Ok, people, what have we learned from the firing of Don Imus? Jack shit apparently. People are sending hate mail to Imus and to the women of the basketball team. The idea was to STOP the spread of hateful comments, and yet the ignorant people out there continue to do just that.

Changing gears. Mr. G just called me from work. He was supposed to get the studded tires taken off of my car by the 15th, but they're calling for a HUGE snowstorm on Saturday and Sunday. He said, "I'll get them off on Monday. Surely the cops would understand if...." Ok, right there I started to get nervous...LOL.

Here are your "Are You Smarter Than" questions for the day:
1. 1st grade social studies: "5 of the U.S. Federal holidays always fall on what day of the week?"
2. 1st grade animal science: "What is the largest animal in the world?"
3. 2nd grade social studies: "According to the US Constitution, the President is part of which of the three branches of government?"
4. 4th grade math: "The supplementary angle of a 40 degree angle has how many degrees?"
5. 4th grade math: "What is the reciprocal of 3/4?"
6. 1st grade spelling: "How many of the words for the numbers 1-10 have five letters?"
7. 3rd grade U.S. history: "In what U.S. State was the Civil War battle of Gettysburg fought?"
8. 1st grade earth science: "The period of Daylight Savings Time includes which one of the four seasons in it's entirety?"
9. 2nd grade health: "Typical people have how many baby teeth as kids?"
10. "How many meters are in a kilometer?"
I must be getting smarter (or the questions must be getting dumber-er) because I knew most of these. It's funny how you talk yourself out of answers, too.
When Jeff read question #5 about the reciprocal of 3/4, I immediately said, "4/3's, it's the opposite." Then I thought, "Gurl, are you nuts?! Do you ever remember sitting in 4th grade math flipping fractions? Get real. And get more of those peanut butter cups at the candy store. They were fabulous. Now back to your regularly scheduled stupidity."
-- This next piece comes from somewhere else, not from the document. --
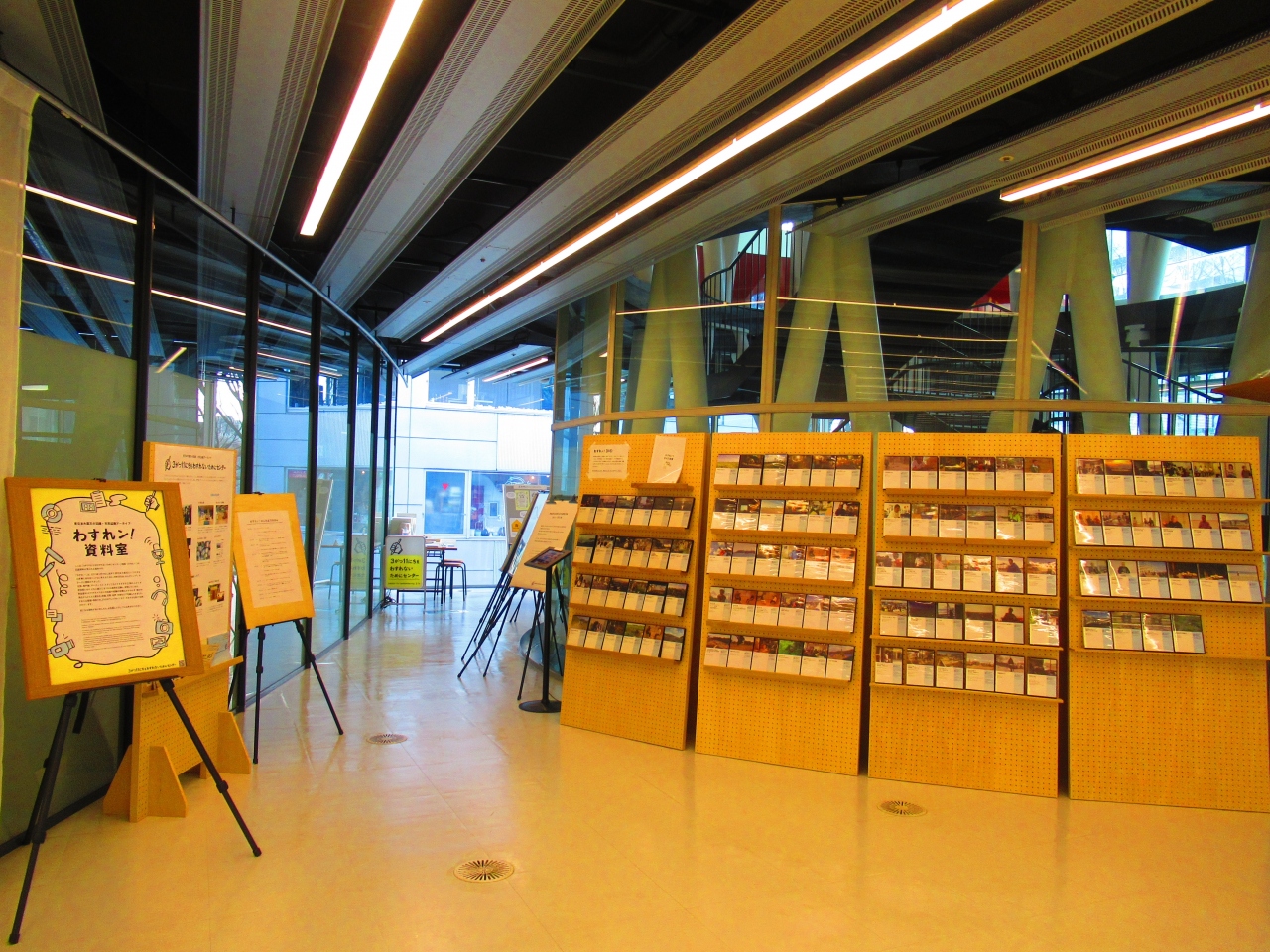 伊東豊雄設計のおしゃれな建物です。1階にはカフェがあり、2~4階は広くて見やすい図書館で、こんな図書館が使えるなんて仙台市民がうらやましいと思いました。2階には東日本大震災の常設展示「3がつ11にちをわすれないためにセンター」(わすれン!)があって、実際に震災を経験した人たちによる記録など多くの資料があります。

We are now the proud owners of a new couch and chair. Well, we will be when it arrives in two months. Maybe it's just me, but it kinda rubs me the wrong way when I'm spending a couple thousand dollars at a store and they charge me $80 to deliver their crap. (As IF that isn't bad enough, if they deliver on a weekend, it's $95!) I said, "You have a delivery fee?" because I know the last time we bought from them, they didn't charge us. He said, "We either tell people right up front it's $80 or we'd have to add it to the price of the furniture." Ya know what? I'd *rather* they add it to the cost cuz it pissed me off when he told me that. If one more f'ing business person tells me they're passing on the cost of high gas to the consumers, I'm going to FREAK. Who do WE get to pass OUR COSTS ONTO?!
We bought the furniture on a two year no payment deal and the lady says, "Even though you won't get your couch for two months, your two years starts today." I said, "So essentially, I'm losing two months of payment time." She said, "Oh you're not losing it because you don't need to make a payment at all." Um, hello? If my time starts today and I don't have my furniture for two months, I'm losing two months, I don't care how you try to explain it away.

2 comments:

WW said...

OK, since I didn't get to watch it last night (cause I was off a friend's house having supper), let's see how many I get right.
1. Monday 2. a whale 3. executive 4. hell if I know 5. 4/3 or 1 1/3 6. 3, three seven eight 7. Virginia? 8. winter 9. 32? 10. 1000.

I saw the commercials with the chick counting her teeth, which I find funny because at that point she doesn't have baby teeth, and most likely has wisdom teeth.

*Goddess* said...

Not bad. You missed three.

I didn't know WHAT that chick was doing in the commercial. When I saw it, she had her hand over her mouth and I thought she was counting something to do with the kids on the panel?